One day soon after I came home from my freshman year at college, I printed out several dozen copies of my résumé and, with a supportive friend, went up and down 7th Avenue in Park Slope, Brooklyn. I walked up and down a ten-block stretch of the avenue for half an hour before I had the courage to enter a store and tell them I was looking for a job for the summer. I became more comfortable with the routine as I repeated it many times that afternoon, but it wasn’t made easy by the businesses I was approaching: restaurants (or diners or cafés) and real estate offices. I lacked any appropriate experience, and I resisted looking at my résumé all day to avoid reminding myself of the ridiculousness in applying to barista jobs on the back of my position as features editor of The Yale Globalist.

That evening I came home to find an email from Kroll, the one place I had previously interviewed for a job. The email included an offer for a paid internship, and I took it, thus ending my fruitless search for jobs in Park Slope. Though I didn’t need to receive any more job offers, that I never did left my ego with a minor bruise and drove home that I had been unqualified for the jobs I had asked for that day in Brooklyn — that I was more underqualified than overqualified.
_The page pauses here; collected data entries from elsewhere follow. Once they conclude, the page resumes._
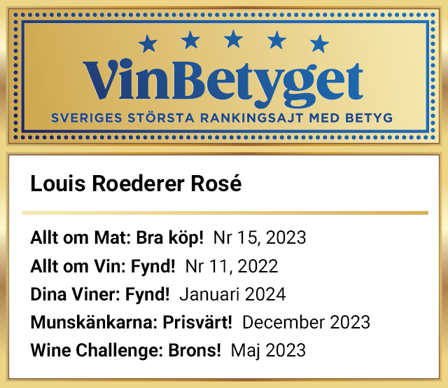 - LOUIS ROEDERER ROSÉ i årgång 2014, får sammanlagt höga expertbetyg – och rankas därför på Vinbetyget.
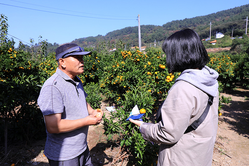 감귤은 다른 과일에 비해 식품적가치가 높아 비타민공급, 식이섬유, 유기산 공급이 풍부하며 비타민c가 다량 함유되어 있고, 구연산이 들어 있어 피로회복에 좋고, 산,알카리가 균형이 잡혀있어 피를 맑게하고 그리고 약 알카리성 체질을 유지한다. 그리고 비타민 P 함유되어 있어 모세관 혈관을 보강하여 고지형예방과 체중감소에도 효과 가 있다. 욕지도 도동 밀감단지 전경 인터뷰에 응해주신 이숙이 할머니와 경남공감, 배해귀기자 욕지도 밀감단지 총무 조광현씨 욕지도 밀감은 일반밀감보다 30~50% 비싸게 팔린다.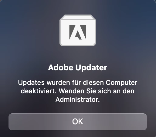 I always have problems updating Lightroom Classic (I use the current version 11.0.1 on MacOS) directly in the program via Help - Update - I always get the following error message: "Updates have been deactivated for this computer. Contact the Administrator". I have to uninstall Lightroom every time via the Creative Cloud and install it with the new version. Does anyone have a tip why you can't do it directly from the program? I am the administrator, but I have no idea where to change anything ...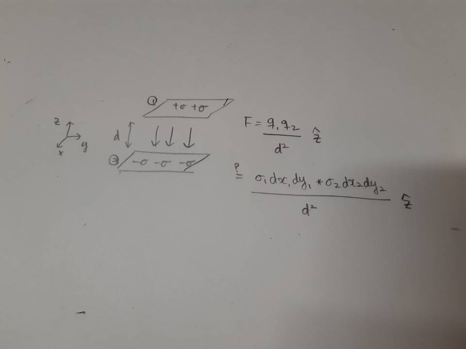 Hello, I need to find the force between the two metal plates, one is charged positively, and another is charged negatively.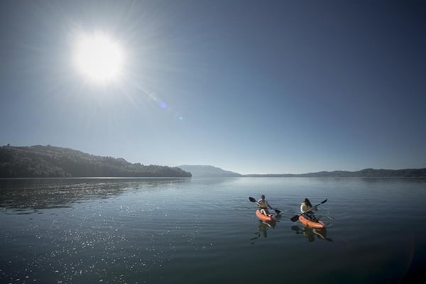 Super-relaxing, Solitaire Lodge is the second oldest lodge in New Zealand and offers a luxurious, peaceful retreat overlooking Lake Tarawera. The property boasts a rustic feel which is complemented by modern features and furnishings – the beds are especially comfortable. Dining is a dream, and guests are invited to mingle over apéritifs and canapés before dinner.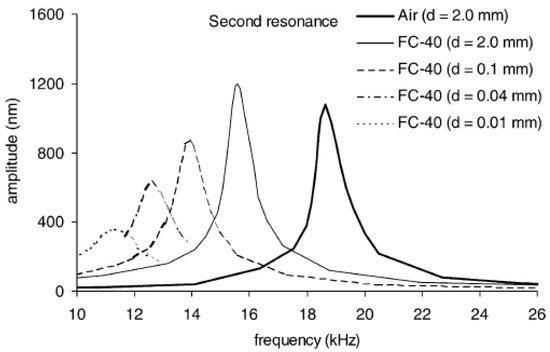 The works of Sader [90] and Green & Sader [91] provide theoretical models of the vibrating frequencies and modes of submerged microcantilevers. Sader [90] pointed out that analytical and numerical models used for larger structures normally consider the fluid as inviscid. Neglecting the viscosity of the fluid and the damping effects is a reasonable approach for macrostructures in order to predict the position of the resonant peaks, but in microscales damping effects greatly modify the position of the resonant peak and therefore viscosity effects have to be considered. In this work, Sader presents a theoretical model to determine the Frequency Response Function of submerged cantilevers considering an incompressible flow with viscosity. One of the most interesting conclusions is that when the dimensions of the beam are reduced, the viscous effects become more important and therefore the natural frequencies are more reduced with respect to those values in vacuum. Regarding the proximity of surfaces, Green [91] found that for distances larger than the width of the cantilever, the cantilever can be assumed to be immersed in infinite fluid. For smaller distances, strong dissipative effects that decrease the frequency and amplitude of the resonant peaks are observed. One of the research works where these effects are experimentally demonstrated is the work performed by Naik et al. [92]. As seen in Figure 8, strong dissipative effects greatly modify the shape and amplitude of the peaks when the cantilever is close to a rigid surface, due to an increased damping. The influence of the mass and damping of the tip (Figure 7) on the vibration characteristic of the AFM probe, which is not considered in [92], has been recently analyzed by Korayem and Nahavandi [93].

At Kroll, I had a great internship. I was paid well, walked six blocks to work, came and went largely without supervision, and enjoyed my own half-office with no one looking over my shoulder and no one even able to see my desk without entering the room I occupied. I worked on various projects over the summer, some of which took only a morning to complete, others which required a full week of work. I learned what I was supposed to learn on the job, both in skills and business know-how, and mostly enjoyed myself while getting paid. Plus, when I wasn’t given work — often — I read all I wanted on the internet and even managed a lot of writing. That summer was the most productive period for an autobiographical project I worked on for most of 2007, which led me to record everything I did all day long, in as much detail as I could. With several hours at a computer and no assigned tasks to complete most days, I devoted many hours that summer to a complete personal account, recording everything from navel-gazing and banal daily routines to thorough and thoughtful written self-reflection. The month of July 2007 is now saved forever as forty-five single-spaced pages in a Word document. I also spent a lot of time on Wikipedia, and I learned all I wanted to about whatever I wanted to.

Today, walking along St. John’s Place, just off 7th Avenue in Park Slope, I saw a tree that made me cross the street to see it better. Seven or eight feet above the ground, a single thick branch grew horizontally outward, at a perfect right angle from the trunk. And extending above that branch, also at right angles, were five smaller branches growing straight upward. There was no way this tree grew naturally; it must have been shaped as it grew, though how it could have been shaped while planted on the sidewalk I couldn’t figure, and how or why one would have transported such a tree to its current location I couldn’t guess. Regardless, it brought back a good memory, that of a discovery I made during one of my many hours on Wikipedia two summers ago. I’m still in love with arborsculpture, and I’d still love to have a tree home one day.